The whispers of two lovers were drowned out by the roar of the thunder and the flash of the lightning. The rain saturated the quilts on the line and poured from their tattered corners. The gutters flooded and added their pounding noise to the deluge. The water made its way through the open windows and left first spots, then puddles on the hardwood floors. The late season flowers in the windowsill drank their fill of the midnight tempest.
Inside the house, the grandfather clock chimed a lonesome note and the phone rang, a call coming in from two states away. A call from a man who sat on the edge of his lonely hotel bed and knew without really knowing, felt the questions form in his mind, felt the dismissal of them just as quickly. She was sleeping. She was in the shower. She was out late at night with her best friend, drinking a little too much and laughing at everyone else in the bar. She wasn't out in the backyard in the rain with the man he had always feared but never mentioned aloud, as if the absence of his name would make the ghost disappear.

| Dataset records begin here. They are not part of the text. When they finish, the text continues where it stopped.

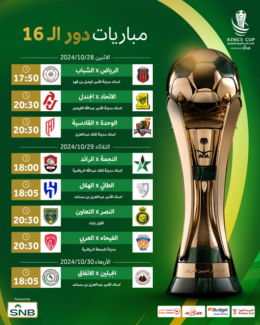 كشف الاتحاد السعودي لكرة القدم عن موعد مباريات دور الـ 16 من بطولة كأس خادم الحرمين الشريفين للموسم 2024-2025.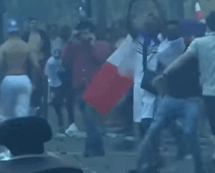 从现场拍摄的视频可以看到,当防暴警察进入现场时,闹事者穿着法国队球衣和戴着面罩攻击警察。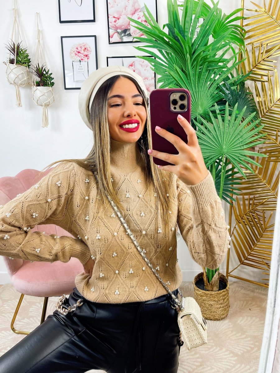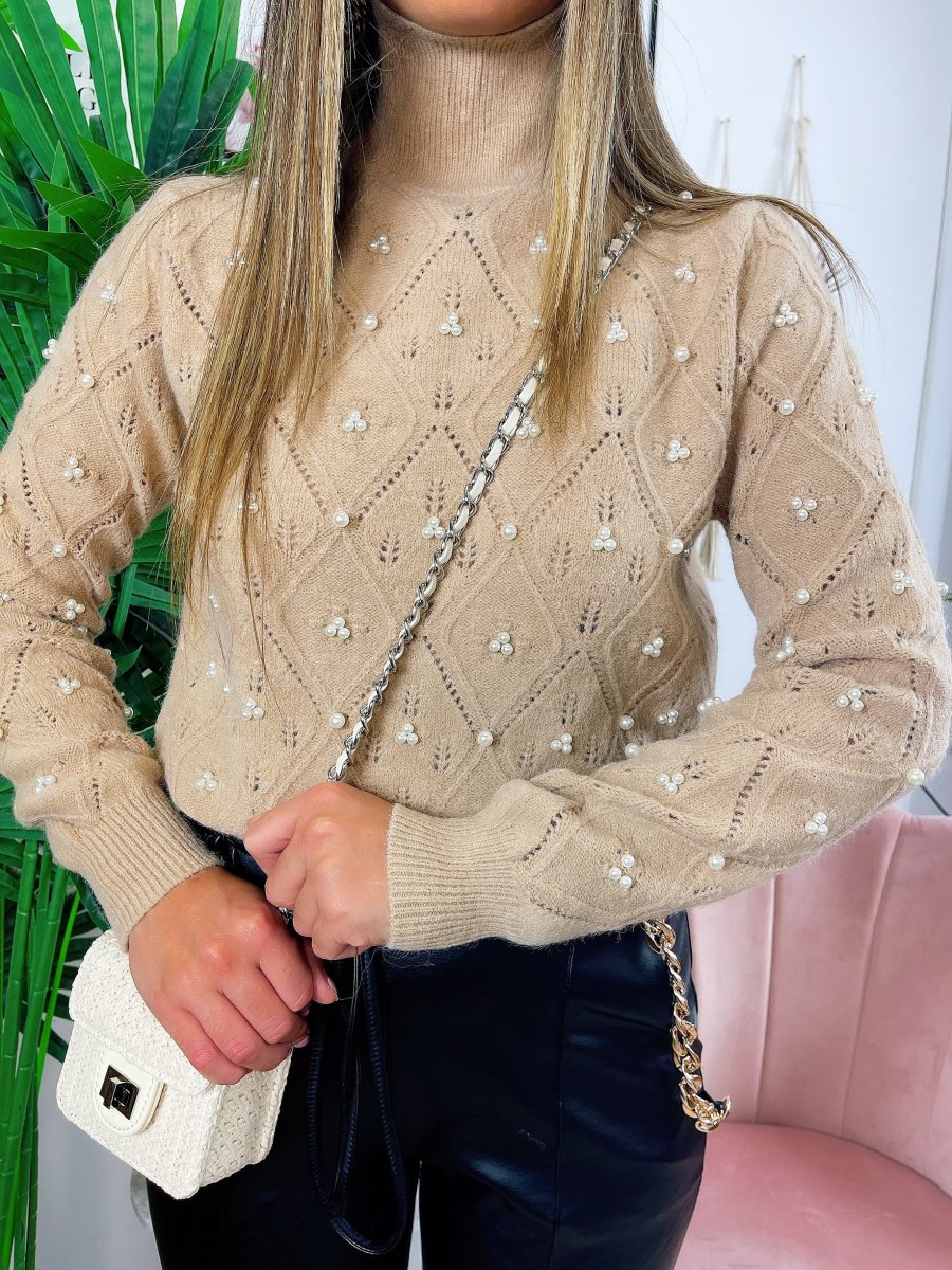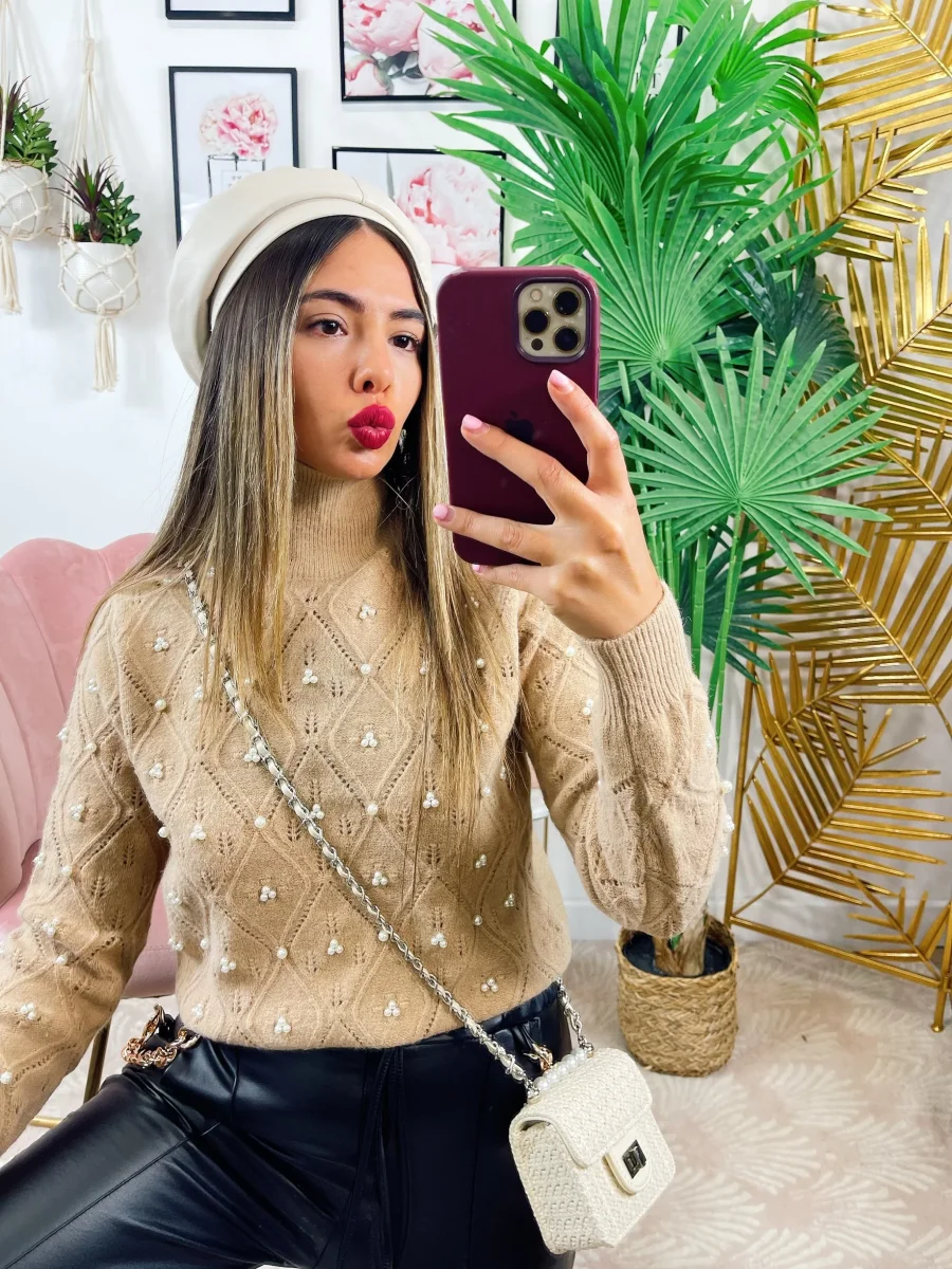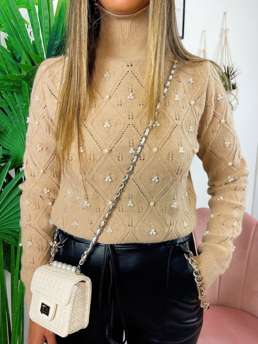 Maglione top quality con perle camel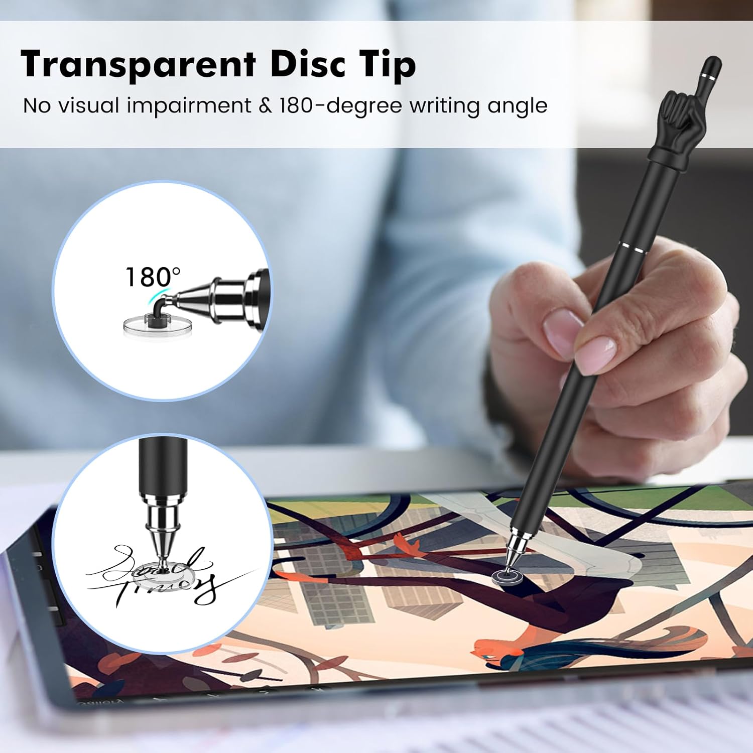 - ăHighly Sensitive and Accurateă The disc tip is transparent which allows visibility of the contact point, making it highly accurate and responsive. 180° flexible writing angle for comfortable using. You can get more smooth writing or painting experience, no lag, no interruption, no screen scratching.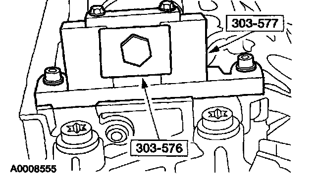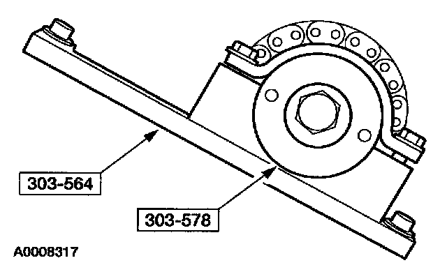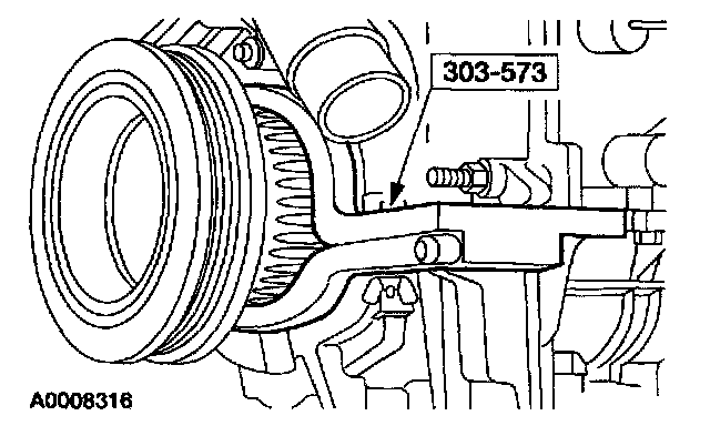 9. NOTE: The special tool must be installed on the damper and should contact the engine block, this positions the engine at Top Dead Center (TDC).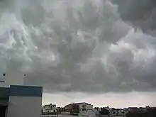 The etymology of the word monsoon is not wholly certain.[6] The English monsoon came from Portuguese monção ultimately from Arabic موسم (mawsim, "season"), "perhaps partly via early modern Dutch monson".[7]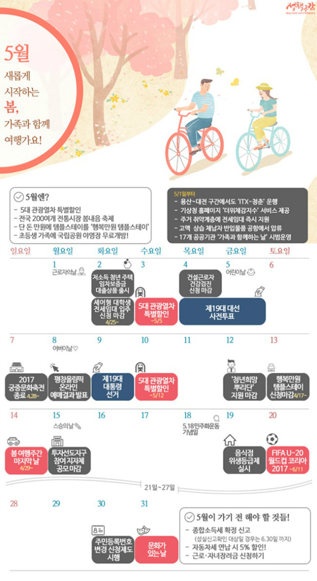 [일간환경연합 한선미 기자]5월에 누릴수 있는 정책을 소개합니다. 인포그래픽뉴스로 한눈에 확인 할수 있습니다.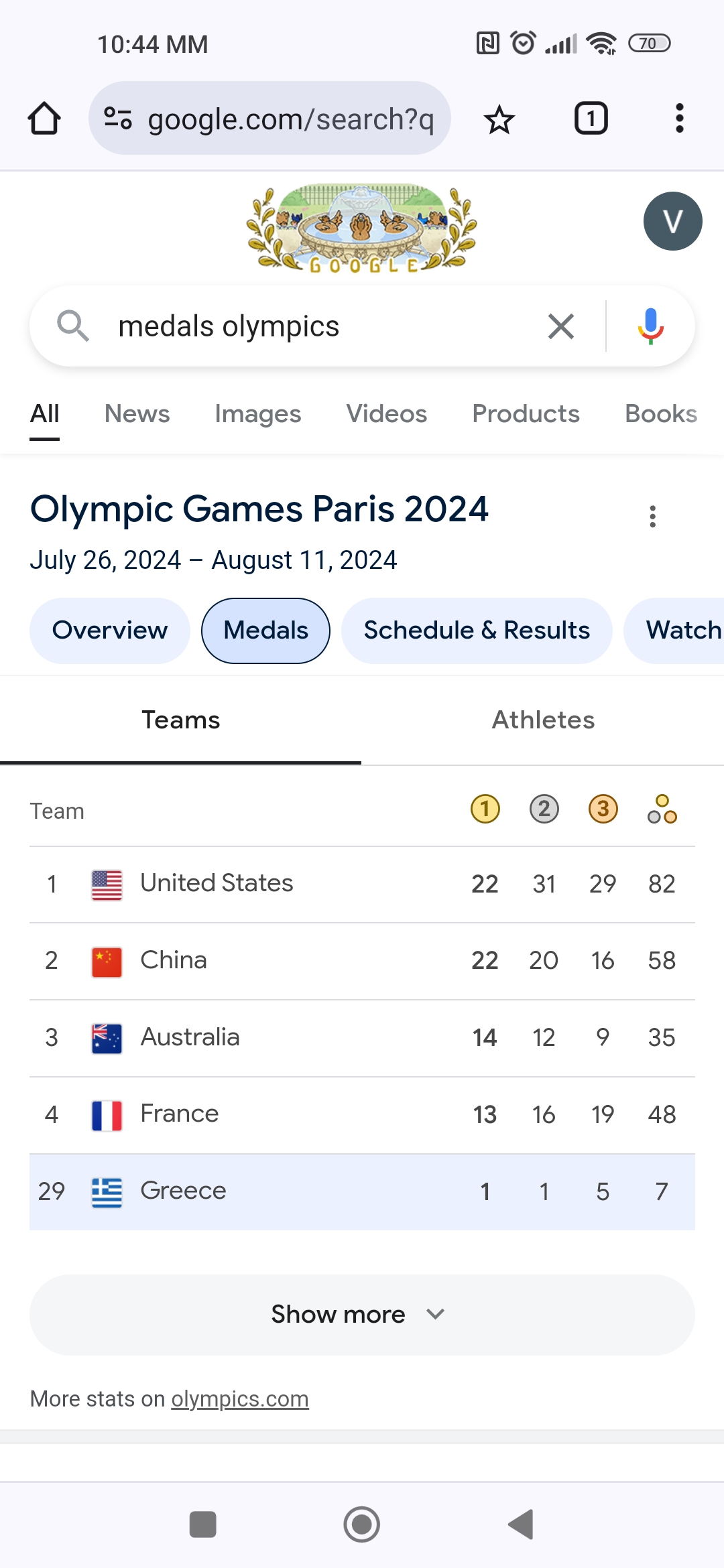 Περάσαμε από την 52 θέση στην 29η και έχουμε πλέον 7 μετάλλια. Pas mal !

No. She wasn't doing that. She was his wife and she wasn't doing that.
When Mark said we should go in, we should make love on the bed, I knew I would. I felt his wetness slipping out of me and mingling with the rain and I knew I wouldn't only make love with him on the bed but in the old nursery too. And on the couch where Andrew watched television rather than watching me, and maybe even on the kitchen table so I would have something to hold onto when Andrew came home and I sat there across from him and told him in my calmest voice that I wanted a divorce.
The rain ruined the floors and the phone stopped ringing. I felt the giving up with every long second of silence. I held onto Mark and for the first time I wished it were Andrew. For the first time I knew the bittersweet pain of getting, finally getting what I believed I deserved.
I was grateful for the rain that gave me refuge, hiding the tears that only I would ever know I had cried.